The Frozen Dead (1966)    We're not kidding you about this post's sub-heading......

              Yes it's all there.....and more! We forgot to throw in.....Mad Science!  Defrosted Nazi Zombies!  Disfigured Women Wearing Rubber Masks!

               Tragically, Herbert J. Leder, the writer-director of this disaster-piece, lacked the balls-out courage to fully embrace the lunacy of his ideas.......

                As a screenwriter, he was almost the equal in batshit crazy conceptions to the immortal Ed Wood Jr.......but as a director, forget it. No talent, no style, no sense of pacing, no imagination......and strangest of all......oddly unenthusiastic about his own over-the-top idiotic script.

                He directs this insanity as if recently awakened from a nap.

                We have none other than veteran Hollywood star Dana Andrews, following the sad path of washed-up American stars who find themselves washed up literally and figuratively in Europe, glumly plying their trade in horror/sci-fi.

                Affecting a lame Germanic accent, Andrews plays a post-World War II scientist still working for whatever's left of the Reich....(in this movie, it's down to three guys, including Andrews dopey would-be Igor assistant). His brilliant brainstorm - freezing Nazi soldiers for later defrosting.

               Big problem -  his warmed up TV-dinner Nazis come out of the deep freeze as gibbering, shuffling zombie morons, including his own brother (a young Edward Fox) who now only knows how to strangle people.

              Problem solved -  Doc Andrews needs a spankin' fresh brain to work out the kinks in his cookin'......and just in time, along comes his young niece and her cute college roommate for a visit.....

               Now here's where this sluggish little movie takes on some spunk, in spite of the director's total lack of interest in his own material.

               Andrews and his Nazi cohorts grab the roommate (Kathleen Breck) and reduce her to a disembodied head stuck in a wooden box. In these weird, horrific scenes, director Leder finally develops a pulse, bathing her in an eerie blue light and giving the poor pathetic creature telepathic powers.

               We never heard of her before or after this movie, but let's give it up for actress Kathleen Breck, whose silent, haunting performance totally dominates the last third of the movie.  With expressions that range from deep hatred to agonized woe, she scares the shit out of you and breaks your heart.  Breck's work here is like a diamond stuck in a pile of manure......

              Overcoming the handicap of lacking a body, Breck triumphs by activating a bunch of  electronically wired severed arms that Andrews keeps around for God-only-know-what.  Under her telepathic command, she instructs the arms to choke the life out of Andrews and one of his Nazi bosses........thus making her the only head-in-a-box who's truly armed and dangerous.

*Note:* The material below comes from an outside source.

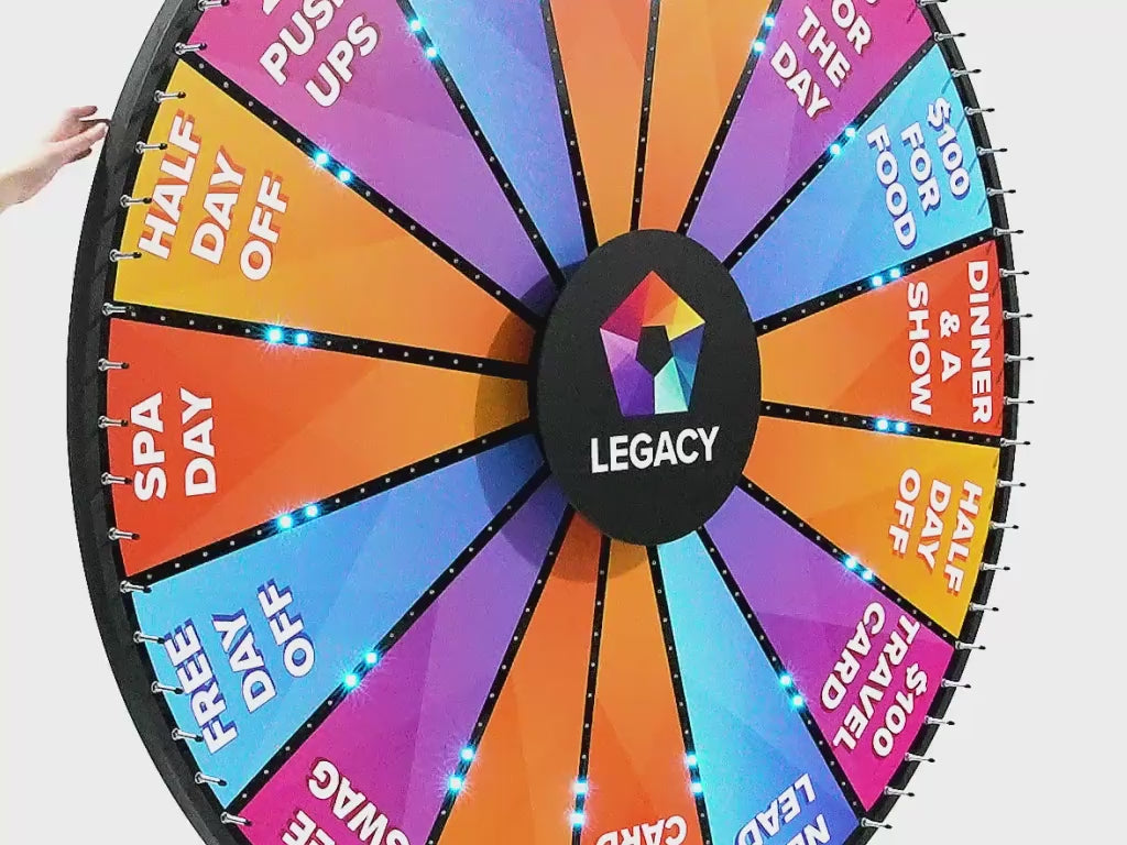 Yes. Our prize wheels and Plinko games can be fully customized with your logo, brand colors, prize sections, and LED lighting. We offer ten wheel sizes from 18" to 96", plus tabletop, floor-standing, and wall-mount options. Our design team works with you one-on-one at no extra charge.

              We can only imagine what this movie could have been if Leder had only turned the direction over to a live-wire shlockmeister with a sick mind and a sense of humor........

              But he does indeed redeem himself with the film's final image......(one that's remained in many a horror fan's nightmares)......a close up of the tormented Breck repeatedly muttering "Bury me....bury me''.   Try sleepin' tight after that image.....

               2 disembodied heads for this one.....(**).....and both stars are only for the unsung, unheralded work of Kathleen Breck. (We'll resist any temptation to make terrible tasteless remarks like...'this girl gives excellent head'.......)...ooops, sorry.....that's what happens when you watch way too many Trump news conferences.......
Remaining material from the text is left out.